Graduate Research

Modeling whole-host tuberculosis response

As the major current effort of my thesis work, I am building a whole-host model of Mycobacterium tuberculosis infection. As a first step in this effort, we have developed a lungs-only model of infection which tracks the formation, dissemination, clustering, and sterilization of multiple granulomas across time. Each granuloma is governed by a series of ordinary differential equations and both single granuloma and whole-lung outcomes are calibrated against non-human primate experimental data.

Response to H56 vaccine in monkeys and humans

We integrated non-human primate (NHP) and human clinical trial data with mathematical modeling approaches to improve our understanding of NHP and human response to the TB vaccine, H56. We use a mathematical model to describe T-cell priming, proliferation, and differentiation in lymph nodes and blood, and calibrate the model to NHP and human blood data. Using the model, we demonstrate the impact of BCG timing on H56 vaccination response.

Limited T cell exhaustion in TB granulomas

Recent studies have shown a surprisingly low quantity of cytokine-producing T cells in NHP granulomas. One hypothesis of limited function is T cell exhaustion. In this work — a truly collaborative effort between two labs (experimental and computational) — we calibrate and inform an agent-based model of granuloma formation. Together, the results of the modeling and the experimental work suggest that T cell exhaustion alone is not responsible for the low quantity of M. tuberculosis-responsive T cells observed within TB granulomas and that the lack of exhaustion is likely an intrinsic property of granuloma structure.

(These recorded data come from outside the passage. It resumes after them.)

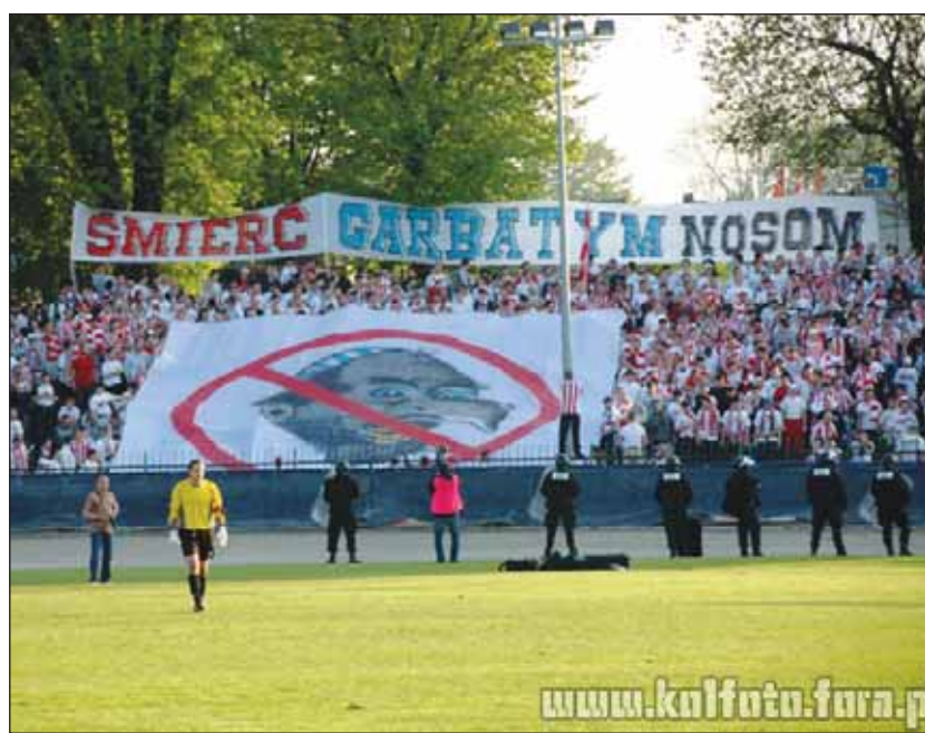
Halál a görbeorrúakra! Ehhez jön még a karikatúra, plusz húszezer néző. Ezúttal a lengyelországi Rzeszówban vagyunk, egy futballmeccsen. A nyomasztó lezárult, három ember felfüggesztett börtönbüntetést kapott.
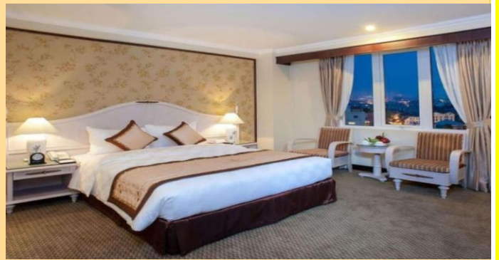
A25 Luxury Hotel ( 3 ดาว )
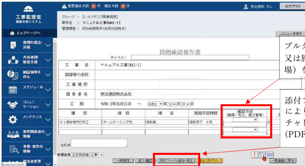
図-1 画像データ (例)
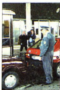
Átkelőn (illusztráció)

A dynamic balance of pro- and anti- inflammatory molecules

We provide evidence from both experimental and mathematical & computational studies to support the concept of a dynamic balance operating during chronic infection scenarios. We focus mainly on tuberculosis, but also provide evidence for other infections. A better understanding of the dynamically balanced immune response can help shape treatment strategies that utilize both drugs and host‐directed therapies.

Undergraduate Research

Modeling retinal rod coupling

During my research experience for undergraduates (REU) at the University of Michigan Mathematics Department with Dr. Daniel Forger and Dr. Adam Stinchcombe, I developed a mathematical model to represent a rod photoreceptor population, compare model frameworks, and draw conclusions about gap junction coupling on eyesight.

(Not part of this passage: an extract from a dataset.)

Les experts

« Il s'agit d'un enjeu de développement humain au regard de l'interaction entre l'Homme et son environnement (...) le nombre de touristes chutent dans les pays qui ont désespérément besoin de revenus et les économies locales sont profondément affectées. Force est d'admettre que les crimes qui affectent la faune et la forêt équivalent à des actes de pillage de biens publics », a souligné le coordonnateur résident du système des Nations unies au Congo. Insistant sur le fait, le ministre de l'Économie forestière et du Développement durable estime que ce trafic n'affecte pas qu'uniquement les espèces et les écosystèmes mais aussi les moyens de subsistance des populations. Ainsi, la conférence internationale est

Representing a road network using graph theory

As my first research experience, performed between my freshman and sophomore years of college, I’ve only included this for sentimental value. This work, led by Dr. Debra Czarneski as part of the Bryan Summer Research experience at Simpson College, opened the world of research to me and was published in an undergraduate journal. Briefly, we used simple graph theory techniques to identify weak points in connectivity across a small road network.